European Union leaders will roll out the red carpet for Turkey’s newly re-elected President Recep Tayip Erdo?an at a summit about how to help the country stop the flow of Syrian refugees from its borders into the EU.
Meeting at a European Council held in Valletta, Malta today (12 November), heads of state and government also heard plans to give Turkey the €3 billion aid it wants to help it cope with the migration crisis.
More than 650,000 of the 800,000 refugees who have reached European Union countries by sea this year have left from Turkey, which is home to some two million refugees from neighbouring Syria and other countries in the region.
Ankara has also demanded an end to the stalemate in talks for Turkey to join the 28-nation bloc, visa-free travel for Turkish nationals, and for Brussels to resume inviting Turkish leaders to EU summits.
The decision to hold a summit of all 28 member states and Turkey opens the way for fresh talks over the crisis. European Commission President Jean-Claude Juncker said the goal of the summit would be to “conclude” negotiations with Turkey on a migration cooperation accord.
Juncker said he asked EU leaders contribute €2.5 billion over two years to aid asylum seekers in Turkey. A further €500 million would come from the EU budget.
Commission First Vice-President Frans Timmermans, who today flew in from Turkey, described additional measures to leaders, including a visa liberation process, and a commitment to “re-energize” the long-stalled enlargement process, that could eventually see Turkey become an EU member.
Fresh from his election victory, Erdo?an was keen to agree to a summit before it committed to stepping up border security. An EU source said, “This is about showing to Turkey that they are equal partners.”
European Council President Donald Tusk confirmed a summit of all 28 member states and Turkey would be held in Brussels before the end of the year. He said it was “99% sure” the summit would take place by the end of this month.
“It was decided that there will be a European Council with Turkey invited,” French President François Hollande told reporters, “It could be held at the end of November or beginning of December.”
Tusk said both he and European Commission President Jean-Claude Juncker would meet with Erdo?an, who is criticised for his authoritarian rule, in the margins of the upcoming G20 meeting, which takes place in Antalya, Turkey.
EU legislation planned
European Commission President Jean-Claude Juncker said he would table legislation to create the Turkish Refugee Grant Facility.
It would mobilise €500 million of EU Budget cash and €2.5 billion of pooled contributions from EU member states. It will be in place for 2016 and 2017, with the first funds being disbursed on 1 January, 2016.
The amount of money from individual countries would be calculated using the same Gross National Income (GNI)-based method as member states’ contributions to the EU budget.
The Facility needs a legal basis, which requires the Commission to draft new law. It will go through the usual legislative process, meaning it will need the backing of both the Council and the European Parliament.
How the money is spent would be decided by the Commission, with the Turkish authorities, according to the plan, but immediate humanitarian assistance would be prioritised.
Turkish involvement “is crucial for political buy-in”, a Commission document said.
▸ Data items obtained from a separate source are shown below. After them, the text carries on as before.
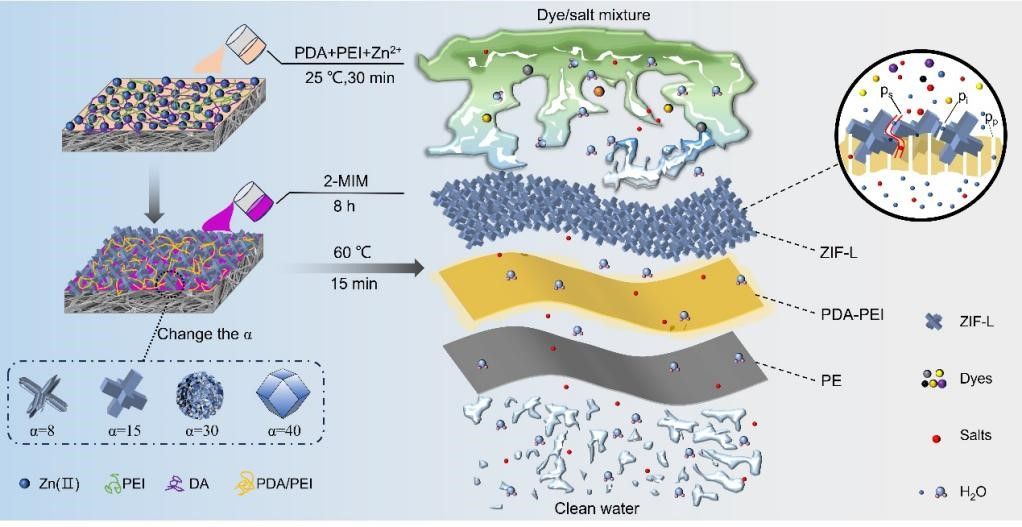 图1. PDA-PEI涂层中ZIF-L阵列的原位形成及其分离效果示意图。
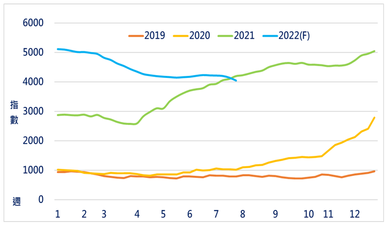 觀察SCFI過去季節性波動,每年運價於7、8月進入小旺季,9月、10達到運價與運量的最高峰,並於10月中下旬進入旺季尾聲(圖2)。隔年2月為春節小旺季,隨後貨櫃海運市場進入淡季。觀察2022年SCFI的表現,運價在進入7月份後呈現旺季不旺的走勢,顯現全球需求在高通膨的壓力,以及去庫存的壓力之下,呈現疲態。
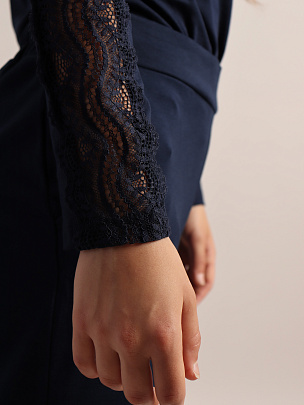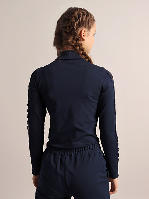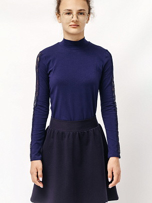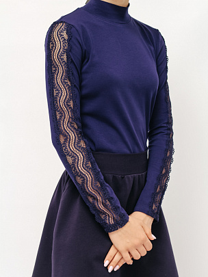 Водолазка для девочки с длинными рукавами и воротником-стойкой. Рукава со вставками из эластичного кружева.
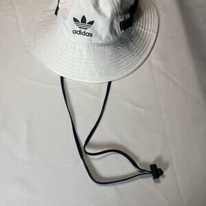 Adidas bucket Hat OSFM New no tags White with black logo and tie down strap
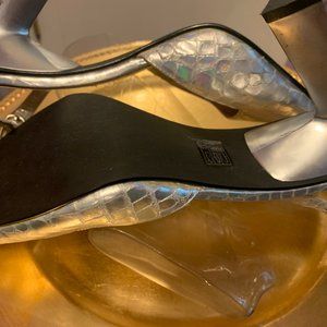 Linea Roma Silver Embossed (Snake) Leather Heels
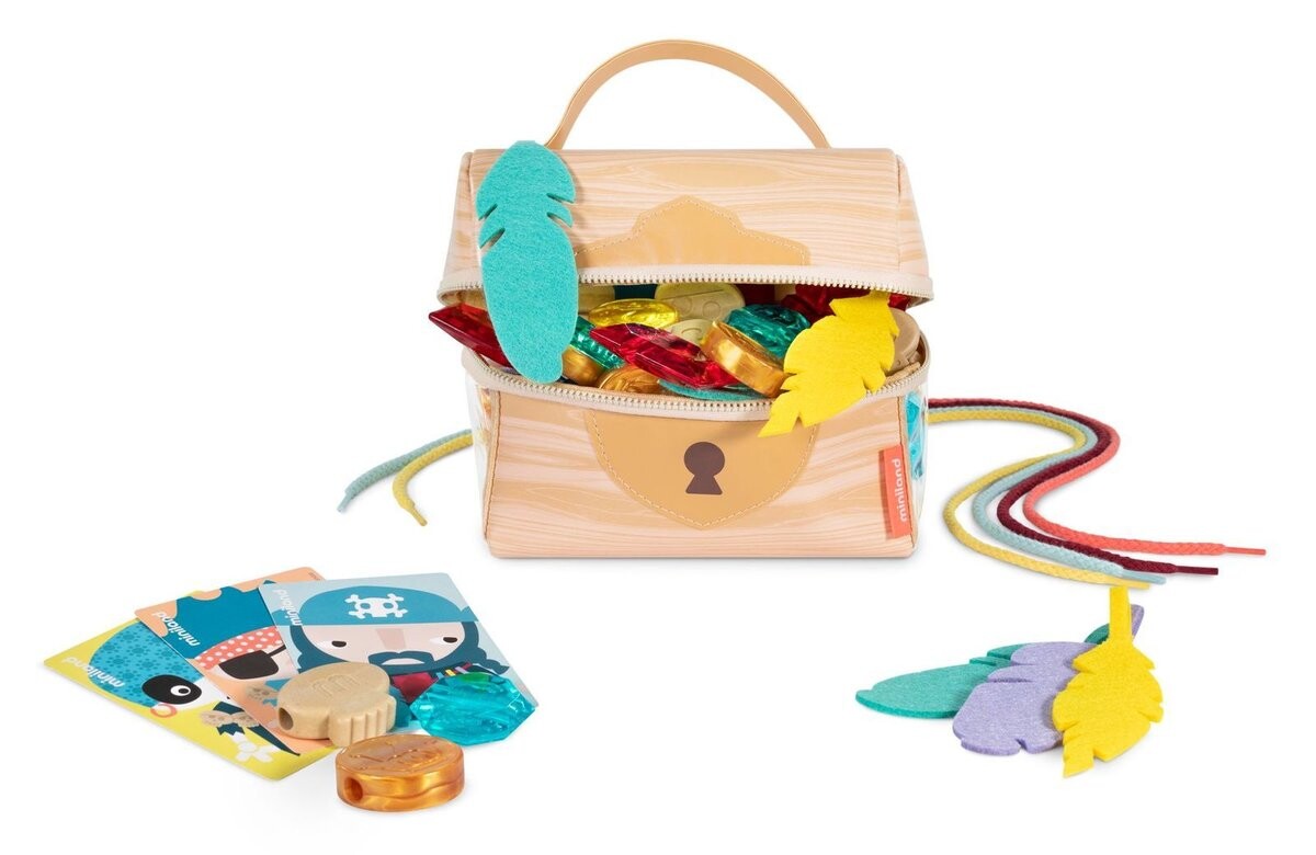 Большой пиратский клад с фурнитурой для нанизывания ожерелья. Различные формы и цвета непременно заинтересуют каждого ребенка и обеспечат творческую активность на долгое время. Все упаковано в удобную коробочку с ручкой, напоминающую сокровище, которую можно брать с собой куда угодно. Благодаря игре с нитками у ребенка будут развиваться творческие способности, пространственное воображение, мануальные навыки, точность движений, логическое мышление, воля. также изучите формы и цвета бриллиантов, рубинов, черепов, перьев, удобный сундучок с ручкой, который можно брать с собой в любое место в наборе карточек с образцами дизайнов ожерелья.
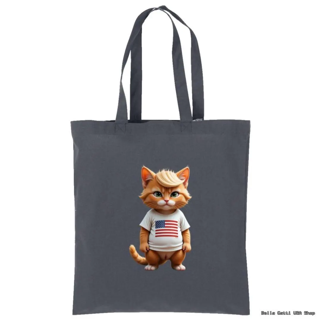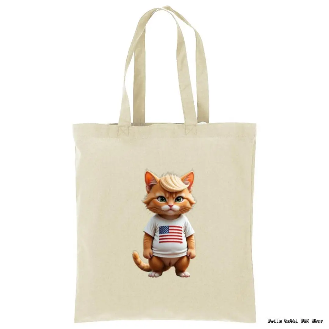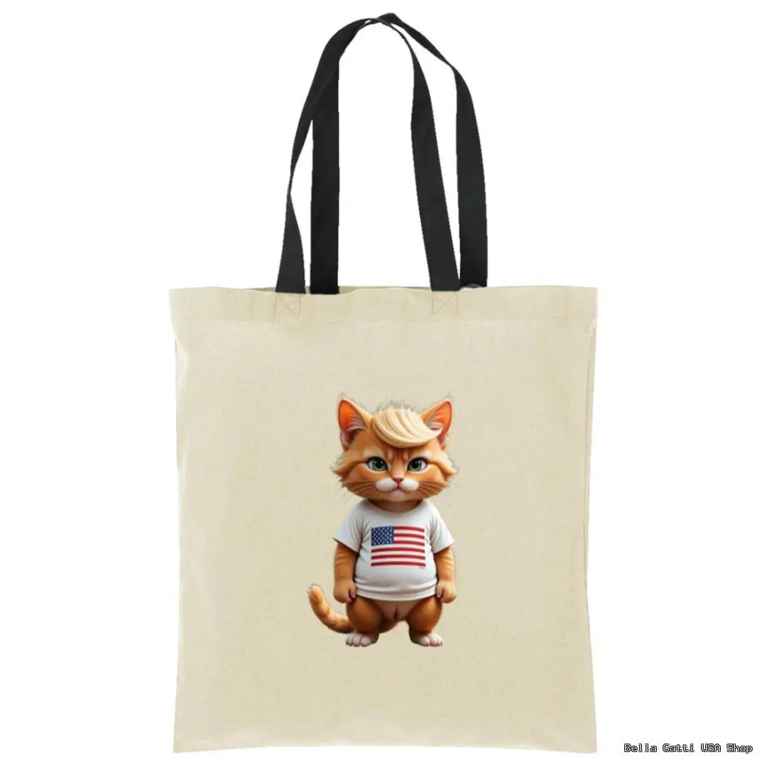 Carry your essentials with personality. This reusable tote features a charming kitty wearing a flag tee on the front, printed on soft, durable 100% cotton. Lightweight yet sturdy, it’s perfect for grocery runs, books, beach days, or everyday errands. Comfortable over-the-shoulder straps make it easy to take anywhere, and the washable fabric means it’s ready for repeat use.

As leaders gathered in Malta this morning, the news broke that Turkish police raided a well-known opposition newspaper in Erdo?an’s latest crackdown.
Earlier this week, a severely critical report held back by Brussels until after the Turkish elections, urged the new government top stop backsliding on the rule of law, rights and the media.
Asked today about the raid on the Zaman newspaper, Timmermans told EURACTIV that the Commission “had been clear” about its view of such actions.
The European Council followed a meeting of EU and African leaders held yesterday and this morning, which agreed funding and an action plan to mitigate the migration crisis.
The European Union has agreed on a plan, resisted by Hungary and several other ex-communist members of the bloc, to share out 160,000 refugees among its members, a small proportion of the 700,000 refugees the International Organization for Migration (IOM) estimates will reach Europe's borders from the Middle East, Africa and Asia this year.
The EU is also courting Turkey with the promise of money, visa-free travel, and new accession talks if Ankara tries to stem the flow of refugees across its territory.